# Task brief
Set down again exactly the lines of the listing below that fall between the line holding "Overloop met trapopgang, berging" and the line holding "Слайд 8Помните, что", inclusive.

# Given entries

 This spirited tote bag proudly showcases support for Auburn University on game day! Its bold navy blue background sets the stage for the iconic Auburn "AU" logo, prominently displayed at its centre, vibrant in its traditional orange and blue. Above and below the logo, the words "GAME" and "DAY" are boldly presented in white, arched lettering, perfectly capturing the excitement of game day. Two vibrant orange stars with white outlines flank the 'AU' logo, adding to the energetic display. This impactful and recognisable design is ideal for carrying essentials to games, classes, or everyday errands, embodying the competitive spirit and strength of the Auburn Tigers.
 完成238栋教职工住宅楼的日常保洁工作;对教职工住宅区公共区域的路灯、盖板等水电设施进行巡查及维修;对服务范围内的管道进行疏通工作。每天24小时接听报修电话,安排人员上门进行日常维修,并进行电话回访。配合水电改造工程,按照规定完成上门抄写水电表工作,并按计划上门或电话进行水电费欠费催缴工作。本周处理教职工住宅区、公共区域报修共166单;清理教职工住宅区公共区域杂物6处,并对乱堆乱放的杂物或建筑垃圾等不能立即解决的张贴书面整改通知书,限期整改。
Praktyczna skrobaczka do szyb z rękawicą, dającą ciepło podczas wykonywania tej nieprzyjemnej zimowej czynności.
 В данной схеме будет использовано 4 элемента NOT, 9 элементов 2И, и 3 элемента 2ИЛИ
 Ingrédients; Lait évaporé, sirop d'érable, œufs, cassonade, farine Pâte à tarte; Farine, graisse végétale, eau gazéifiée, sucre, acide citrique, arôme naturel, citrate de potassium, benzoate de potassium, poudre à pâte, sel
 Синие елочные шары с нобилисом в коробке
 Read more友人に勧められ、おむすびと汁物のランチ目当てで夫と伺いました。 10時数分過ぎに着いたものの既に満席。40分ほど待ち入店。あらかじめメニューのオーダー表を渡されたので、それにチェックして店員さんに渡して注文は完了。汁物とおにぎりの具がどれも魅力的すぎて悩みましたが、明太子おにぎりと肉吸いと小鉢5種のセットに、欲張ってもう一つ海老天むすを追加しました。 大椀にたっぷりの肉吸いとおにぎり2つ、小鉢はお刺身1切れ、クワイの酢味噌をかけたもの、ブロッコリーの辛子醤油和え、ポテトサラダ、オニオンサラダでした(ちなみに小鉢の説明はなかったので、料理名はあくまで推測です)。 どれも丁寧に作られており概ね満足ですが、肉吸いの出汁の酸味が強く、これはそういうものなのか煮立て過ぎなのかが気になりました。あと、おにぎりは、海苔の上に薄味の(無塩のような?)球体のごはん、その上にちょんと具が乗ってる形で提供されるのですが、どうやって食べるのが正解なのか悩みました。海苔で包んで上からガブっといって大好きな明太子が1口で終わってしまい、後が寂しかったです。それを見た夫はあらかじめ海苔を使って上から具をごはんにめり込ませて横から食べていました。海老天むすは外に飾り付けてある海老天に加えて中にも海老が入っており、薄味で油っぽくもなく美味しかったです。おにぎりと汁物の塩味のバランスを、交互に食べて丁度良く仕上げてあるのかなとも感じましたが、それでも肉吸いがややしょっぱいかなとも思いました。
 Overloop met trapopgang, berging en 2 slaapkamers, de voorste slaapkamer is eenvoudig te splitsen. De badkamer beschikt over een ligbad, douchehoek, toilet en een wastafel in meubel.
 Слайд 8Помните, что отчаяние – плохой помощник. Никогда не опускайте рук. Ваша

---

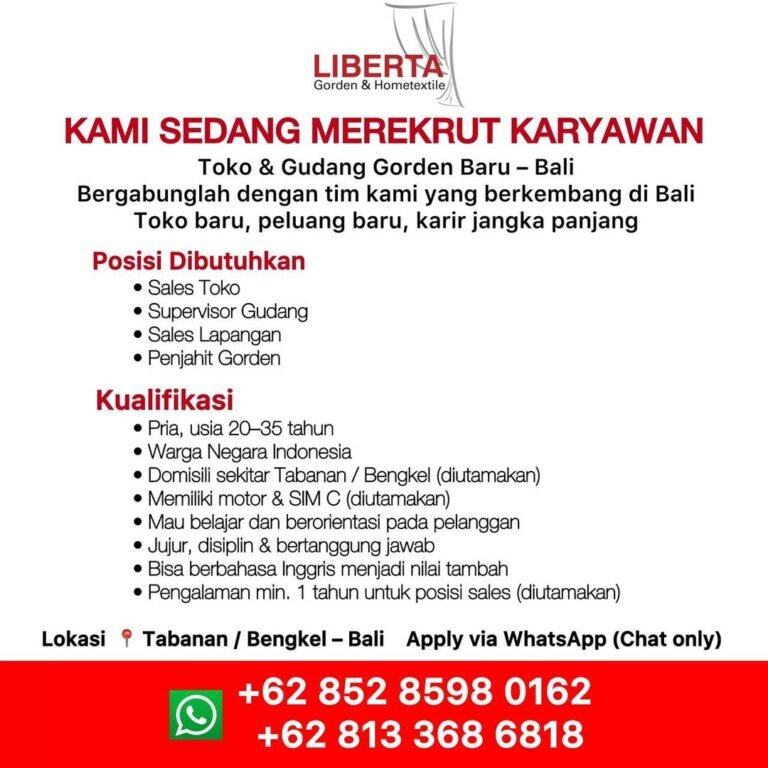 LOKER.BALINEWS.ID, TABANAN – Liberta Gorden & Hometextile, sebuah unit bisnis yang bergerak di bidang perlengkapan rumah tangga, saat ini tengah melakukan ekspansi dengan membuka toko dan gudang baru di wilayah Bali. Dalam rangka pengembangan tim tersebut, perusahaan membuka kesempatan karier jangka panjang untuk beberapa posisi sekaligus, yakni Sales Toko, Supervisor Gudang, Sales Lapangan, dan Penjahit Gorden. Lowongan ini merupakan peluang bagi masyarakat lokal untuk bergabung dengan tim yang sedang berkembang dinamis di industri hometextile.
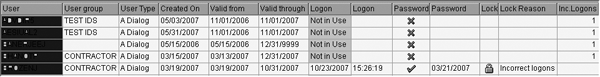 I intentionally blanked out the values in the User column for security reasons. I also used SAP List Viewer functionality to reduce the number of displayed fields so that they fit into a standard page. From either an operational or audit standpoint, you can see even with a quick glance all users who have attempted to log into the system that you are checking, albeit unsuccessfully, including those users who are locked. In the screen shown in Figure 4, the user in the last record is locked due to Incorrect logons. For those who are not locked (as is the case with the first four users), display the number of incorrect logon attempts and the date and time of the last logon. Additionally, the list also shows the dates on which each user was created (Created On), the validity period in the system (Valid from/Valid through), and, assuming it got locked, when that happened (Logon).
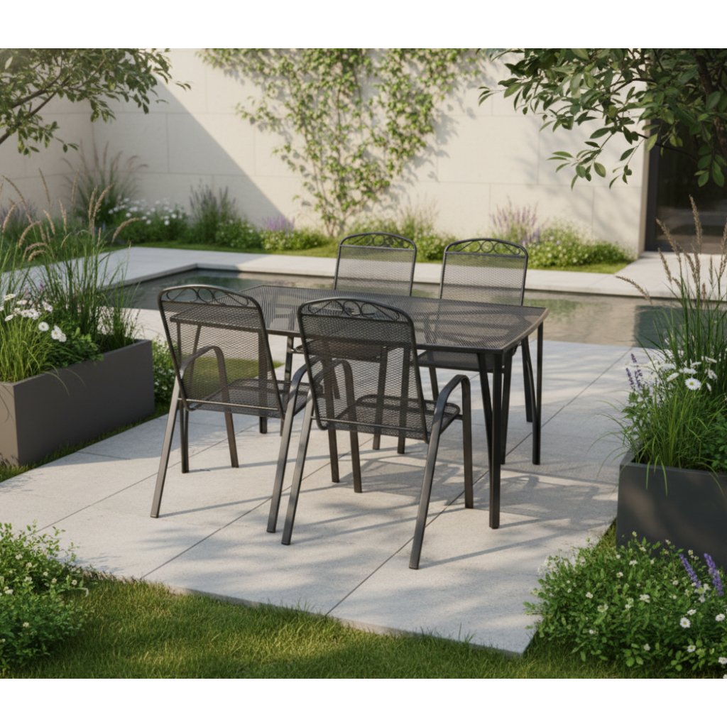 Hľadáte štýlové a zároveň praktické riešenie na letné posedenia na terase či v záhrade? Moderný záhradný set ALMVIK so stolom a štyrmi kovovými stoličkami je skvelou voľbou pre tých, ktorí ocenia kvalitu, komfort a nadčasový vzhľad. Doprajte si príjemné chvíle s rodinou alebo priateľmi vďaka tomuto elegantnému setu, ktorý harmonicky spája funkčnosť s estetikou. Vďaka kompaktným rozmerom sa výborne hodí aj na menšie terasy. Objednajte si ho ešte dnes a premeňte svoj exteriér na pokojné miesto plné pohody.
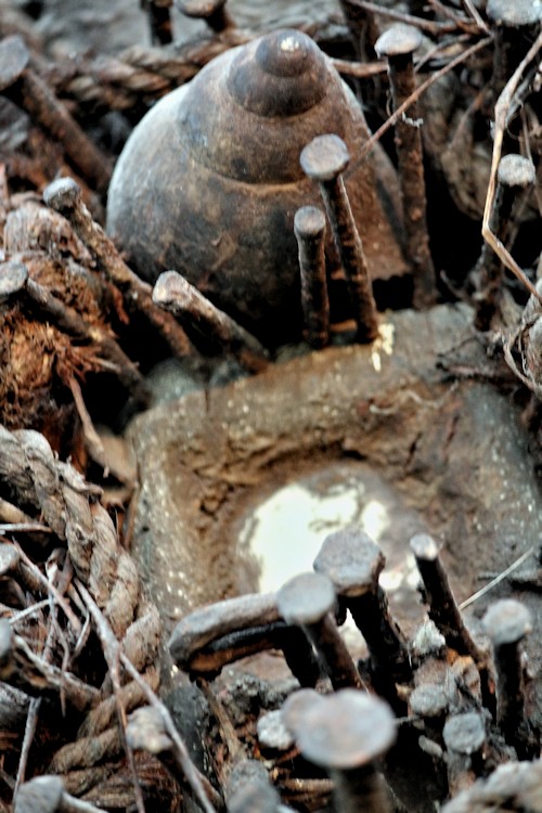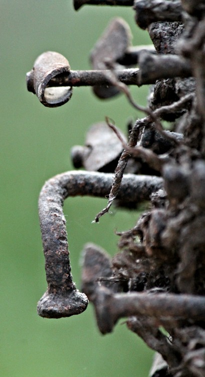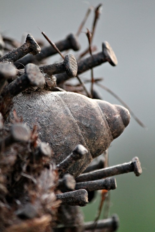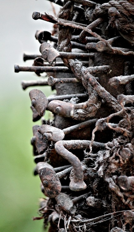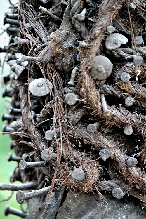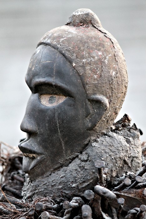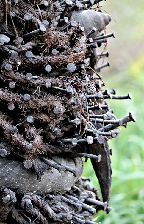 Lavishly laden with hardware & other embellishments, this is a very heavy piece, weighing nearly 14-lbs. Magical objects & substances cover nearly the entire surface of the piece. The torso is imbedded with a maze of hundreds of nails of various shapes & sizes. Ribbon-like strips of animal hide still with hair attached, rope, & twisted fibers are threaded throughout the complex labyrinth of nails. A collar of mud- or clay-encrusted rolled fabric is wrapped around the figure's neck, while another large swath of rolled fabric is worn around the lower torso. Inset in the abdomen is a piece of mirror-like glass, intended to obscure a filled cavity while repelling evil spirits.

# Solution to the exercise
 Overloop met trapopgang, berging en 2 slaapkamers, de voorste slaapkamer is eenvoudig te splitsen. De badkamer beschikt over een ligbad, douchehoek, toilet en een wastafel in meubel.
 Слайд 8Помните, что отчаяние – плохой помощник. Никогда не опускайте рук. Ваша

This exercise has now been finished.